+++ SUPPLIED MATERIAL +++
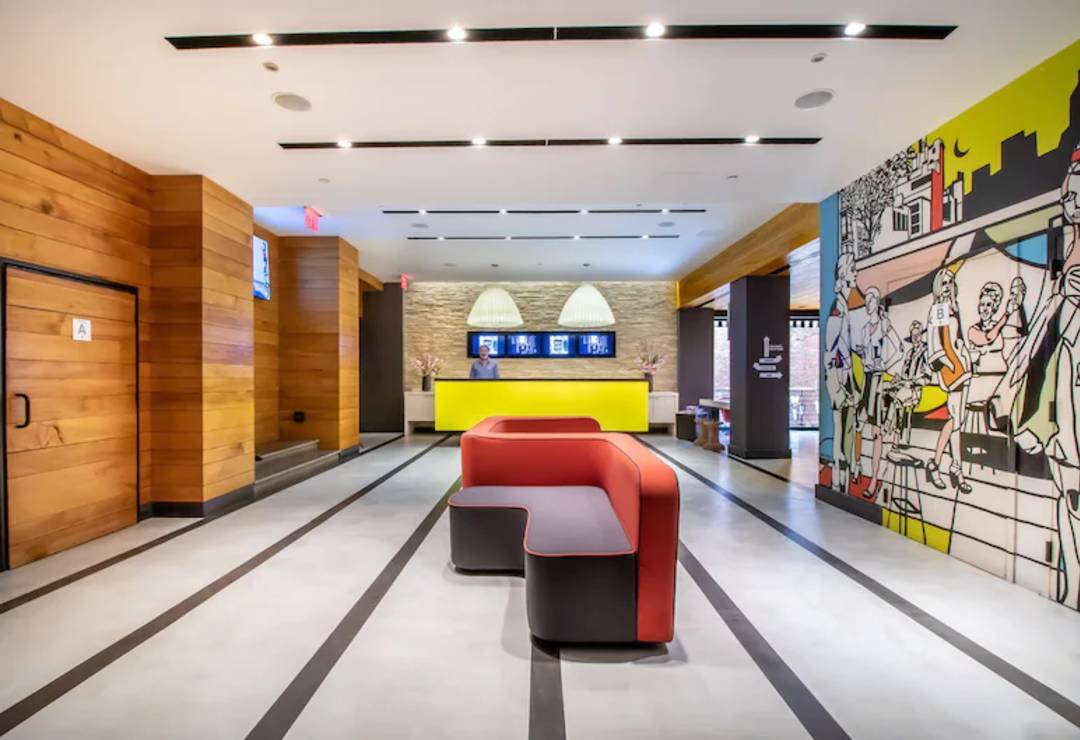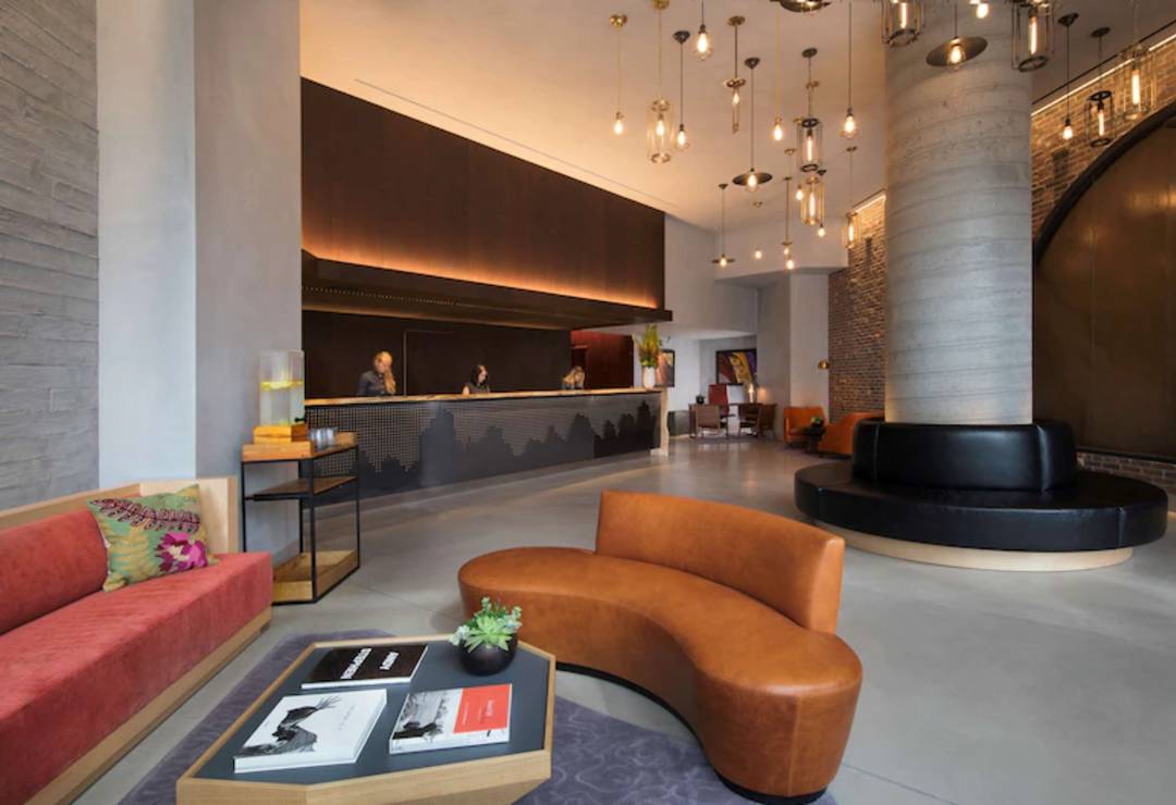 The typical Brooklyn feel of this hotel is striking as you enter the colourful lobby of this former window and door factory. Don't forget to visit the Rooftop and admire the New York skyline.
+++
+++ SUPPLIED MATERIAL +++
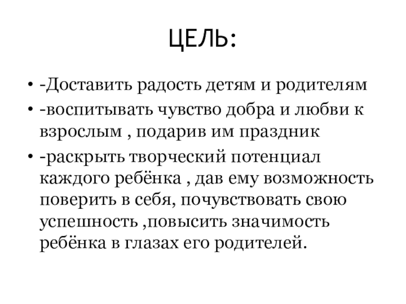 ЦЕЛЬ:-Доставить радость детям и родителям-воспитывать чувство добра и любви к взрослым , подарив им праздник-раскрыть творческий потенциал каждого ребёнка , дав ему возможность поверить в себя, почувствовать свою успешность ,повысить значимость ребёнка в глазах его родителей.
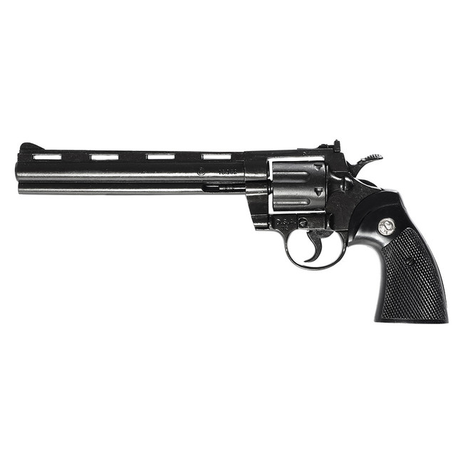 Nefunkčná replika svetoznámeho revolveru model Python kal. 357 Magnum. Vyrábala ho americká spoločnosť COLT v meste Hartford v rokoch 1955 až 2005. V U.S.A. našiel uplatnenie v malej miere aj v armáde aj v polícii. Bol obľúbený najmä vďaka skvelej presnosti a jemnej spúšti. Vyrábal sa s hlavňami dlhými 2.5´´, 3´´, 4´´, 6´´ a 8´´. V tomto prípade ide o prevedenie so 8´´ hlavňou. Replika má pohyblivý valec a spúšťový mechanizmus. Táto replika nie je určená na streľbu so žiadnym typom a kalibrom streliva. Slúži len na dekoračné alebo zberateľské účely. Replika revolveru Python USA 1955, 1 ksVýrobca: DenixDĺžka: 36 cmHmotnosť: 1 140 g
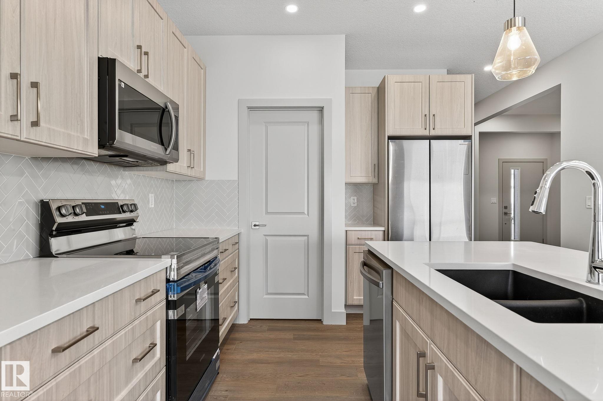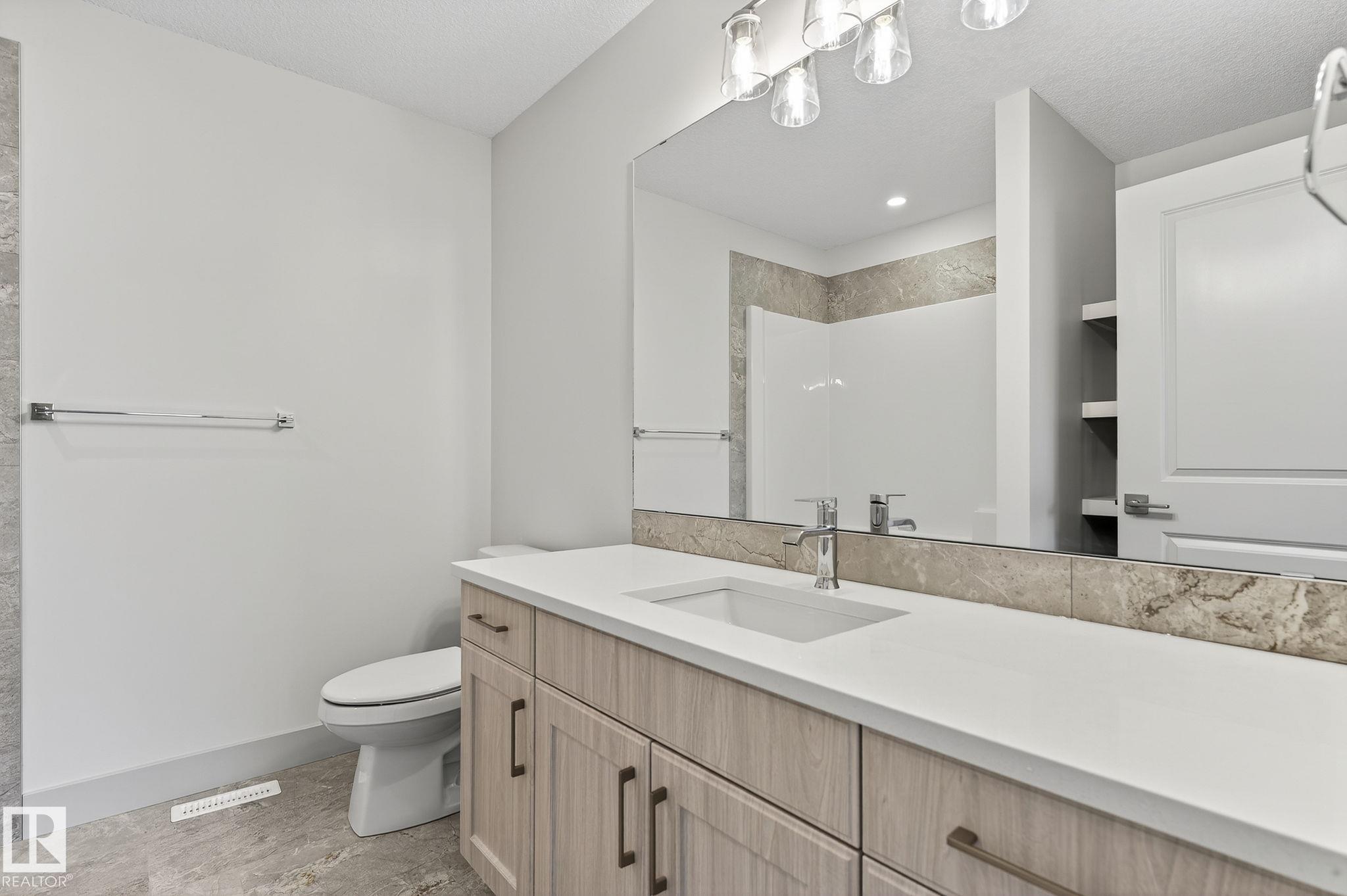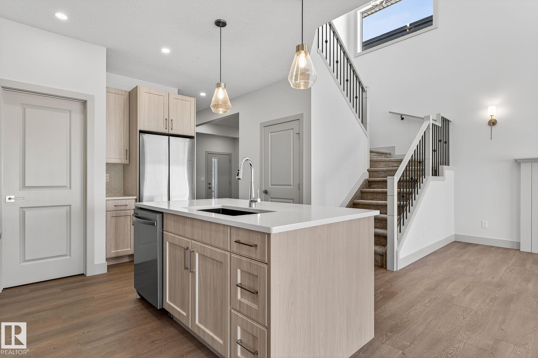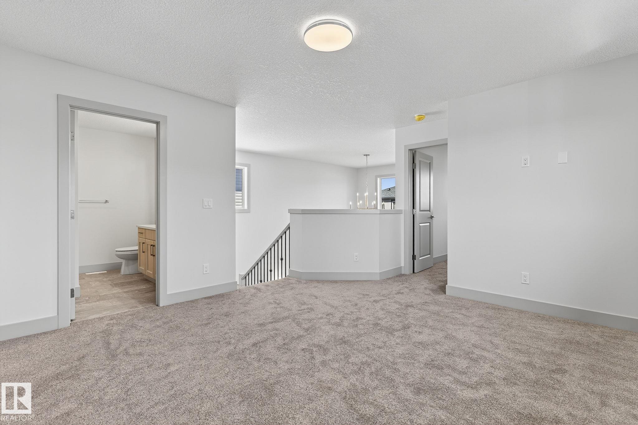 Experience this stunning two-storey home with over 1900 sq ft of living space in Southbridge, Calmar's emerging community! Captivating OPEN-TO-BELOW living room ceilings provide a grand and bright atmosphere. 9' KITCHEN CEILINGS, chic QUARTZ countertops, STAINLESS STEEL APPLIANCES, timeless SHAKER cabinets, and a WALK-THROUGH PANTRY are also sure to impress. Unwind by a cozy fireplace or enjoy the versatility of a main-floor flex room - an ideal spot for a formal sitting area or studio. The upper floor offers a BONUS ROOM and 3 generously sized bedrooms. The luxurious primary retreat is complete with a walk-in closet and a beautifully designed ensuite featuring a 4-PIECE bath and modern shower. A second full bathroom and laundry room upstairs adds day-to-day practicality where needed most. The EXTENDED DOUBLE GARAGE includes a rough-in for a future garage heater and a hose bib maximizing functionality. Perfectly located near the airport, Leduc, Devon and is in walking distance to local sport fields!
+++
### [WORK ORDER]
Range to print from the listing above: from the line with "ЦЕЛЬ:-Доставить радость детям" up to and including the line with "Nefunkčná replika svetoznámeho". Please print those lines exactly, with no pictures and nothing more.

### [SOLUTION TO THIS PROBLEM]
 ЦЕЛЬ:-Доставить радость детям и родителям-воспитывать чувство добра и любви к взрослым , подарив им праздник-раскрыть творческий потенциал каждого ребёнка , дав ему возможность поверить в себя, почувствовать свою успешность ,повысить значимость ребёнка в глазах его родителей.
 Nefunkčná replika svetoznámeho revolveru model Python kal. 357 Magnum. Vyrábala ho americká spoločnosť COLT v meste Hartford v rokoch 1955 až 2005. V U.S.A. našiel uplatnenie v malej miere aj v armáde aj v polícii. Bol obľúbený najmä vďaka skvelej presnosti a jemnej spúšti. Vyrábal sa s hlavňami dlhými 2.5´´, 3´´, 4´´, 6´´ a 8´´. V tomto prípade ide o prevedenie so 8´´ hlavňou. Replika má pohyblivý valec a spúšťový mechanizmus. Táto replika nie je určená na streľbu so žiadnym typom a kalibrom streliva. Slúži len na dekoračné alebo zberateľské účely. Replika revolveru Python USA 1955, 1 ksVýrobca: DenixDĺžka: 36 cmHmotnosť: 1 140 g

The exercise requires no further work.